Ah yes. Tony doing what Tony does best: pouring oil on the waters. Oil being the operative word.

Thursday 23rd July
It’s all happening now. Firstly, people are urging Liz Kendall to drop out because they want as wide a debate as possible. Sorry – I misheard that. Apparently, it’s because they want her to release her support to stop Corbyn. Which will happen anyway because it’s an Alternative Vote election, and there isn’t a person in the country who would vote for Kendall first and Corbyn second. Apart from maybe Liz herself for, as we all know because we saw it in The Guardian, she’s a Tory Trojan Horse.
Then another grandee comes in attempting to clear the air, which was a good idea.

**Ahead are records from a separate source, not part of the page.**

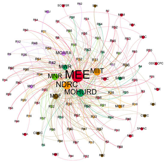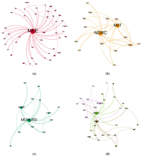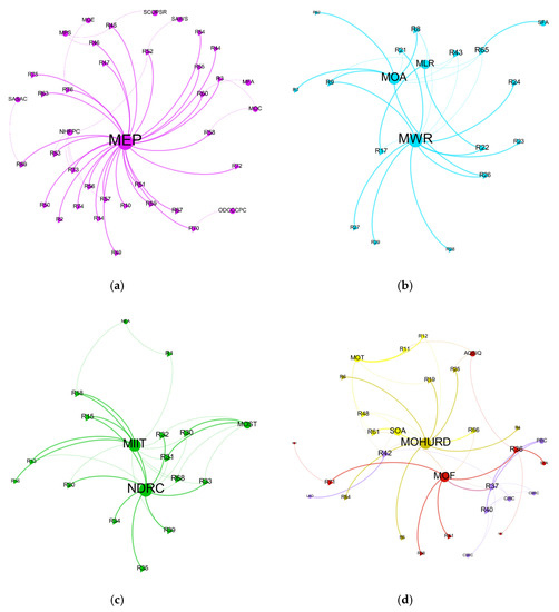 According to the theory of block model, a certain degree of structural equivalence between the sub-nodes exists in the same module, implying that some management departments are redundant in the same module. We can see from the first module (Figure 5a; in purple, with 36.45% of nodes), the core government agency is the Ministry of Environmental Protection (MEP), which is in charge of most of the responsibilities about water pollution and protection. The main government agencies in the second module (Figure 5b; in blue, contains 17.76% of nodes) are the Ministry of Agriculture (MOA), Ministry of Water Resources (MWR), and Ministry of Land and Resources (MLR). The sub-network is centered on the Ministry of Water Resources (MWR), which is mainly responsible for saving and protecting water resources. The Ministry of Water Resources (MWR) and Ministry of Land and Resources (MLR) play key roles in controlling groundwater overexploitation and protecting ecological space, respectively. At the same time, the Ministry of Water Resources (MWR) and Ministry of Agricultural (MOA) are related to the management of agricultural water-saving and non-point source pollution. In the third module (Figure 5c; in green, with 16.82% of nodes), the main government agencies are the Ministry of Industry and Information Technology (MIIT), National Development and Reform Commission (NDRC) and Ministry of Science and Technology (MOST). The two major administrative departments of the NDRC and MITT cooperated closely in eliminating outdated industrial capacity, optimizing the spatial distribution, and promoting the exit of polluting enterprises. These promote the transformation of economic institutions. To strengthen science and technology support management, the MITT and NDRC cooperated closely in dissemination demonstration and appropriate technologies, R&D frontier technologies, and vigorously developing environmental protection industries. Since the nodes of modules 4–7 are relatively small (i.e., 8.41%, 7.48%, 6.54%, and 6.54%, respectively), they are shown in a sub-graph (Figure 5d). The functions of the Ministry of Transportation (MOT) and the State Oceanic Administration (SOA) overlap in several aspects (i.e., ship pollution treatment, enhancing the ability to prevent, and control of the port and terminal pollution). There are overlapping functions in the management of capital and green credit and guiding the investment of social capital among the People’s Bank of China (PBC), China Securities Regulatory Commission (CSRC), China Banking Regulatory Commission (CBRC), and China Insurance Regulatory Commission (CIRC).
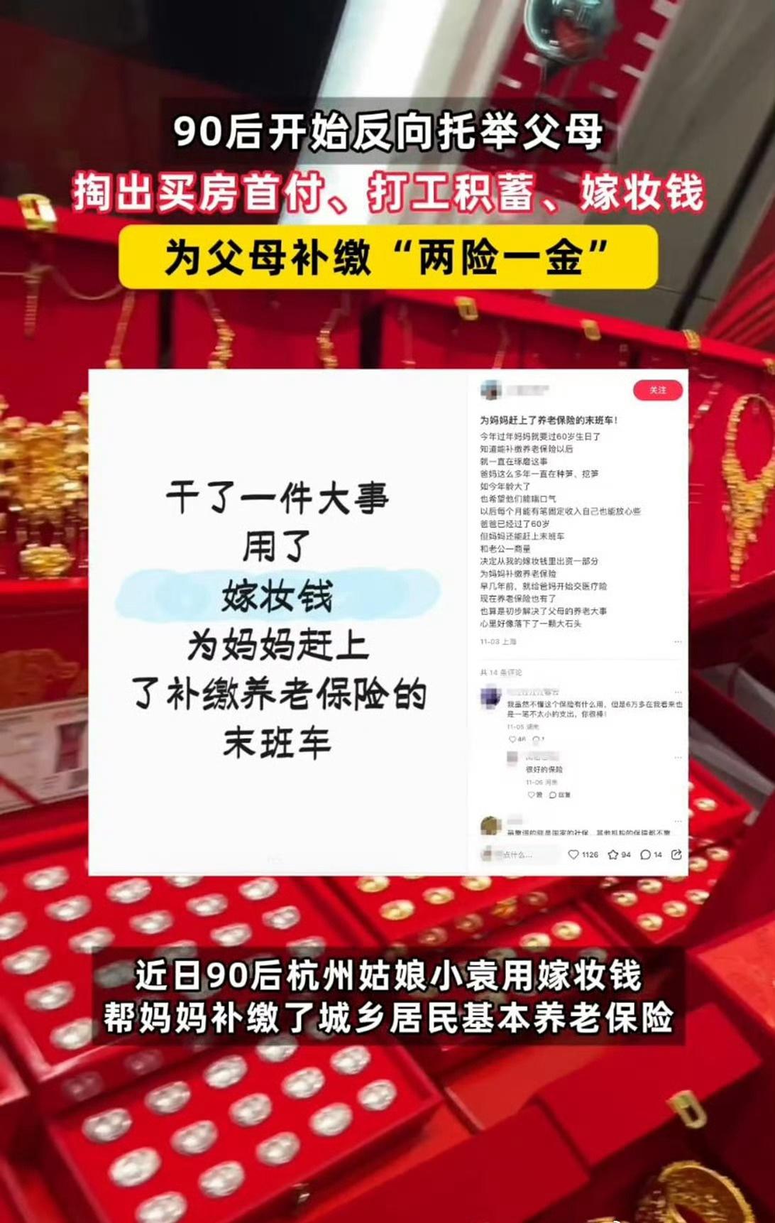 从"啃老"到"养老",90后正在完成人生角色的重要转变。看着父母满头白发的样子,也是时候为他们做点什么了。 杭州90后女孩用嫁妆为妈妈补缴社保
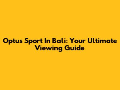 Optus Sport In Bali: Your Ultimate Viewing Guide

Shame the only one to hand was Lord Prescott.
He was on The Today Programme (and I quote exactly here1): “I thought what Tony said was absolutely staggering though I have a lot of respect for Tony Blair I worked for him for years but to use that kind of language is just abuse, and to suggest that someone should have a heart transplant, and Tony said it put a lot of people off voting for us and on the doorstep it was Iraq what stopped people from voting for us, and I just want everyone to calm down!” he rattled off at a furiously calm pace.

Friday 24th July
Surely all has been said now, as Ken Livingstone wades in by claiming that Corbyn can become Prime Minister.
“If I didn't think Jeremy could win, I wouldn't be backing him,” said the former Mayor of London.
Thus speaks a leftist who lost in the most Labour sympathetic city in the country to Boris Johnson, twice. So he knows what he’s talking about.
Corbyn continues on his merry way, but must surely be fearful he might win this thing. After all, he never intended to.


1Quotations may not in fact be accurate, but the tone is.

This will be the last Weekly Diary for the summer. We will be back in the autumn on the new website, entitled North by North Westminster.

Events depicted may differ from actual events. In fact, this is a work of fiction, with some facts. But mostly, it's nonsense.